Another significant application is in processing complex aviation and aircraft parts. For instance, machining centers are utilized with high precision to process wing frames and jet engine impellers.

Furthermore, machining centers find use in large-scale manufacturing processes. For example, gears can be processed with high precision on nine-axis mill-turn CNC machines, or even larger marine diesel engines can be efficiently handled using multiple nine-axis mill-turn CNC machines. And those processes repetitively can continue thousands of times without any problem. Repeatability is the key.

Investing in a Machining Center: Cost Implications

Factors Influencing the Cost of Machining Centers

Machining centers are generally more expensive than CNC routers and CNC lathes. There are several factors contributing to their higher cost. For example, larger-scale machines inherently require more materials, making them more expensive due to their size. Factors like robustness and speed also influence the price of these machines. For instance, if you’re a mold manufacturer, you might require high-speed capabilities, while an automotive parts manufacturer might need a device with medium-speed capabilities and precision.

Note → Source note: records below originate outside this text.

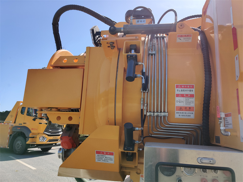 1. Vakuumli so'rish tizimi: Jurop PVT400 vakuum nasosi salbiy bosim hosil qiladi, keyin u so'rish qo'li orqali 6,7 kubometrli uglerod po'latdan yasalgan bakga so'riladi. Bakning yuqori qismiga toshib ketish klapani o'rnatilgan bo'lib, u avtomatik ravishda toshib ketish signalini beradi va teskari oqimning oldini olish uchun so'rish portini yopadi. So'rish qo'li turli ish holatlariga moslashish uchun ko'tarish, orqaga tortish va aylantirish uchun gidravlik jihatdan sozlanishi mumkin.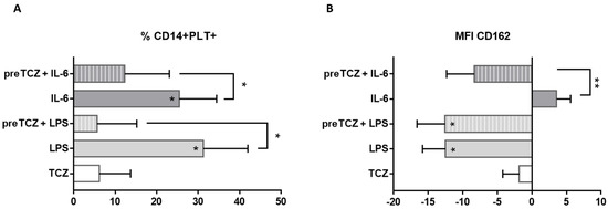 Heparinized blood was diluted with RPMI 1640 medium (supplemented with 2 mM glutamine, 100 U/mL penicillin, and 100 mg/mL streptomycin (BioWhittaker, Verviers, Belgium)) at a proportion of 1:1.4. Blood cells were stimulated with ultrapure TLR4 agonist lipopolysaccharide (LPS) (Invivogen, San Diego, CA, USA) at 10 pg/mL for four hours before adding 50 ng/mL of recombinant human IL-6 (rhIL-6) (ImmunoTools) for 12 h. TCZ was added at 100 µg/mL 30 min prior to LPS (conditions pre) or after rhIL-6 (conditions post). Culture conditions were then as follows: TCZ (pre) + LPS + rhIL-6 and LPS + rhIL-6 + TCZ (post). As control conditions, we included: (a) absence of stimulation, (b) LPS alone, (c) rhIL-6 alone, (d) TCZ alone, (e) rhIL-6+ TCZ (post), (f) TCZ (pre) + LPS, (g) TCZ (pre) + rhIL-6, (h) LPS + TCZ (post), (i) LPS + rhIL-6. After culture, supernatants were collected and kept at −20 °C until used. A total of 100 µL of cultured whole blood from each condition was stained with anti-CD14-PECy7 clone M5E2 (BD Biosciences), anti-CD16 AF647 clone 3G8, anti-CD162 (BioLegend), anti-CD41a-FITC, anti-CD62P-APC clone HI62P (Immunotools). Red blood cells were lysed and white cells were fixed using BD FACS lysing solution (BD Biosciences) to be analysed by flow cytometry. Activated PLTs were identified as CD41a+CD62P+. Samples were acquired with the MACS-Quant Analyzer 10 flow cytometer (Miltenyi Biotec). We calculated the percentage of positive cells and the expression (MFI) of each individual marker using MACSQuant Analysis Software.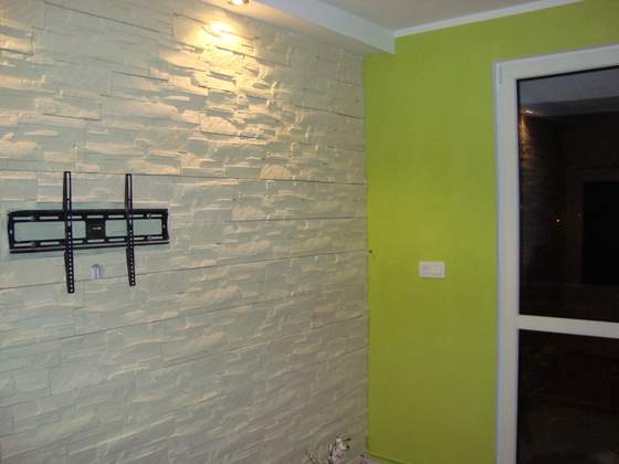 Poniżej zdjęcie kawałka salony, chodziło głównie o ścianę z kamienia dekoracyjnego, jeszcze zostały dwie ściany do zrobienia, tzn. podłączyć nowe gniazdko i pomalować a na drugiej ścianie będzie łuk zamiast drzwi
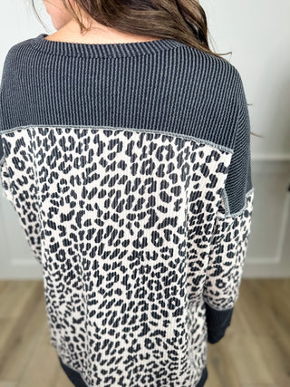 More Than Once Ribbed Long Sleeve Leopard Print Avery Mae Top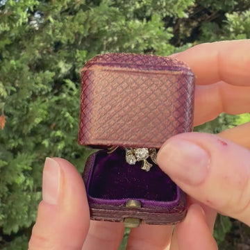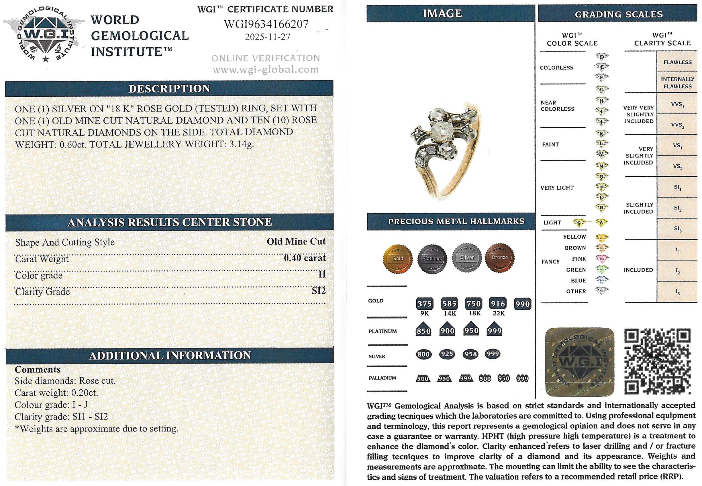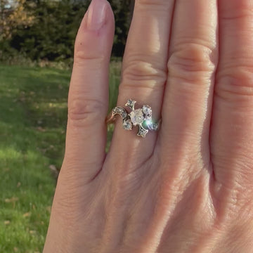 [message]A distinctive and ornate antique diamond ring. The cushion shaped old mine cut diamond in the centre is glowingly white and bright. Two trefoil spurs set with rose cut diamonds flank two sides of the centre stone, with a pair of slightly larger rose cuts set immediately next to the other sides of the centre diamond. A sweeping, rose cut set band is topped in silver, leading a curved, fluted 18k rose gold shank.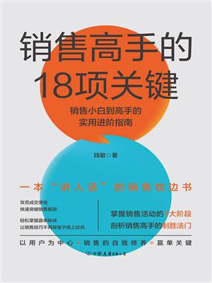 本书作者以切身体验出发,讲述销售人员从入门到精通,大幅提升销售业绩,成为销售过程中的18项关键。本书摒弃传统枯燥的教科书式销售知识讲解,采用平易近人的语言,加上大量真实有趣的案例,全方位呈现真实的销售场景,让新手销售能快速上手,读完就用。同时书中还涉及销售人员向管理者转向应具备的能力,无论是销售新人,还是想要进行身份跃迁的销售人士都适用。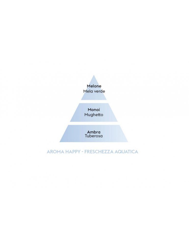 Un frutto estivo saporito, sapori aciduli, un’onda che rigenera, un olio che libera... Un sentimento lieve, qualcosa che somiglia alla felicità! Nella collezione Aroma, questa versione Happy Fraîcheur Aquatique è una sintesi di benessere. La scelta dell’olio essenziale di eugenolo per iniziare, con i suoi slanci tonici, le sue proprietà tonificanti, e la composizione olfattiva che l’accompagna, l’infinita croccantezza della mela verde, il sapore acquatico di un melone estivo. Segue il cuore presieduto dal monoi e gli accenti solari di un bouquet floreale installato sulla rotonda dolcezza di un fondo ambrato e la golosità di un trio di vaniglia, noce di cocco e pesca.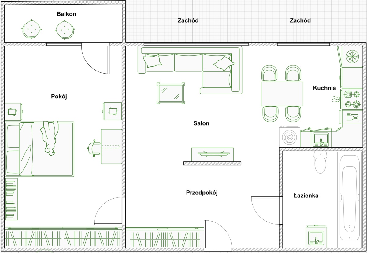 mieszkanie po zachodniej stronie bloku – bardzo jasne, dobrze doświetlone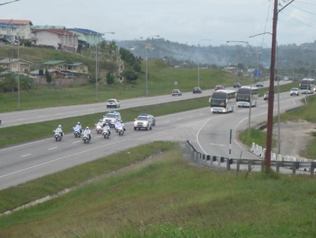 美洲峰會警車護衛(wèi)的海格客車車隊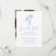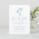 Ponha o tom para sua celebração tropical com este casamento da palmeira, salve o cartão de data. Apresentando palmeiras azuis desenhadas à mão no topo e um fundo branco nítido, esta design de inspiração litorânea é perfeita para casamentos de praia ou de destino. "Salvar a data" é escrito em um roteiro azul manuscrito elegante, com espaço abaixo para personalizar seus nomes, data do casamento e local. A parte de trás do cartão mostra uma foto vertical do noivado e o site do seu casamento para um fácil acesso de hóspedes — uma na moda para cerimônias à beira-mar, núpcias insulares ou comemorações de verão.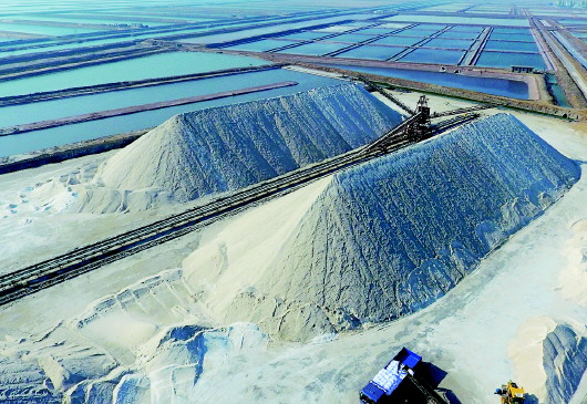 近日,位于河北省唐山市的长芦大清河盐场开始春季扒盐作业,工人们利用晴好天气加紧收获春盐。 新华社记者杨世尧摄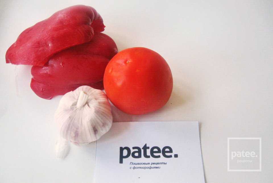 А еще перец болгарский красный, помидор и чеснок. Еще понадобятся соль, перец и немного любого растительного масла по вкусу.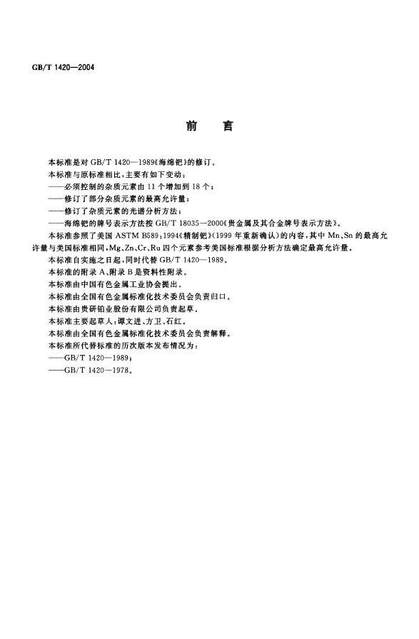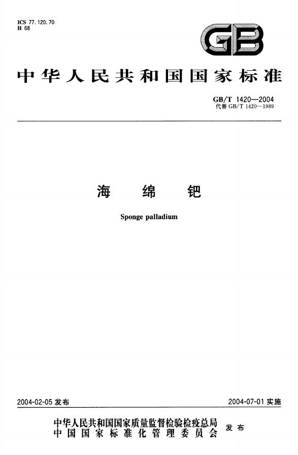 GB/T 1420-1989 海绵钯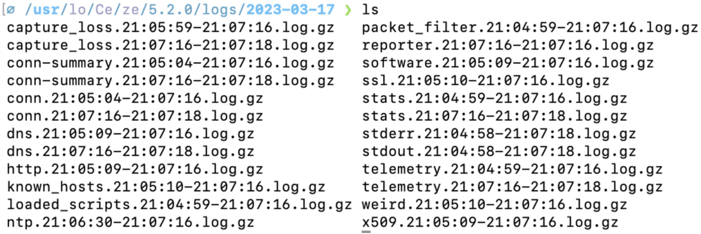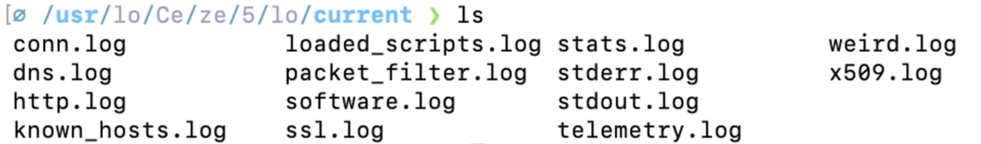 위와 같이 지크가 실행되면 /usr/local/Cellar/zeek/5.2.0/logs 안에 current 라는 디렉토리가 생성된다.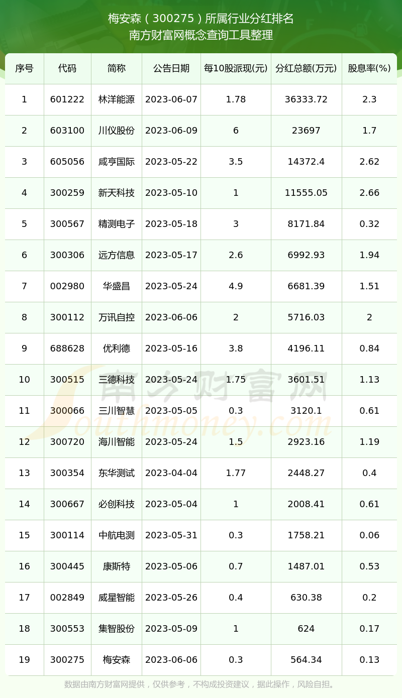 按照南方財富網(wǎng)趨勢選股系統(tǒng)統(tǒng)計,梅安森所屬行業(yè)為儀器儀表行業(yè),儀器儀表行業(yè)分紅排名情況如下表: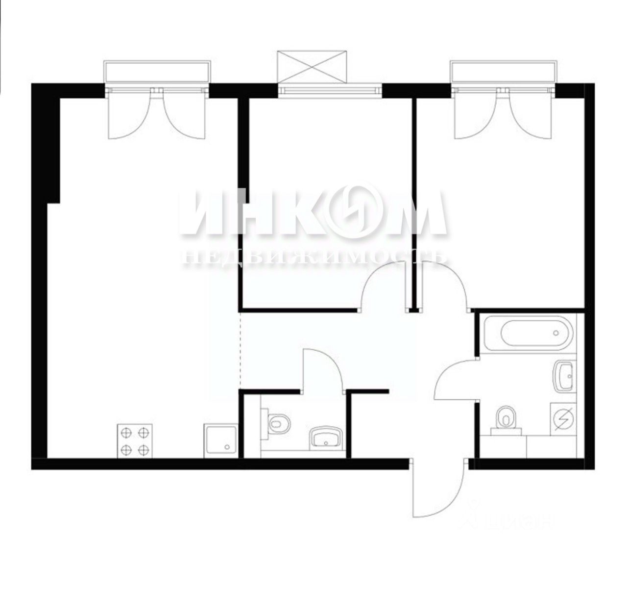 Просторная кухня-гостиная площадью 20,2 кв.м. и две изолированные комнаты. Два санузла. Два балкона. Окна выходят в тихий двор.
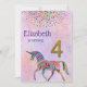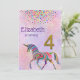 Esta invitación del unicornio del arco iris de la diversión en rosa es perfecta para el cuarto cumpleaños de su hija. Ella adorará simplemente la combinación de confeti arco iris-coloreado y de su edad en purpurina brillante del oro. El torneado de 4 es una gran cosa y para el chica del cumpleaños, ella quiere su invitación de encargo a ser algo especial. Este unicornio mágico del arco iris hará a su fiesta de cumpleaños inolvidable y sus amigos amarán esto, también. Fácil modificar para requisitos particulares en el frente y la parte posterior con sus propios detalles. Cambie el estilo de fuente y coloréelo si usted desea.

Another factor is the brand reputation. Even if lesser-known brands produce equally capable machining centers, they might offer their machines at a lower cost than well-known brands, which often price their devices higher due to their established reputation.

Price Ranges for Different Types of Machining Centers

Speaking of price ranges, as previously mentioned, various factors can influence this, but generally, the cost can range from $100,000 to $3 million. To get a clearer picture, you need to determine the nature of your work, its intensity, and associated costs, allowing you to request quotes from machining center manufacturers accordingly. Some machining centers are huge and they need custom construction to set it up, I think the working area of the CNC machine in your workshop should be the first step. Japanese brands like OKUMA and MORI SEIKI specialize in decreasing the footprint of the machining centers they produce, so those machines can work even a smaller workshops.

I put here the current pricing from the well-known Haas brand:

Horizontal Machining Center price: Haas, EC-400, Starting at US$209,995

Vertical Machining Center price: Haas, VF-3, Starting at US$75,195

Universal Machining Center price: Haas, EC-1600ZT-5AX, Starting at US$438,995

FQA for HMC, VMC, UMC Machines

Conclusion

Machining centers represent one of the prime areas where advancements in CNC technology are most commonly seen. These machining centers bring together various conveniences. Some of them are such as easing operations, simplifying programming, and facilitating processes. As you can imagine, ongoing developments and improvements are inevitable, and newer machining centers will undoubtedly include further advancements in CNC technology. CNC technology will evolve to achieve even greater heights in efficiency and performance.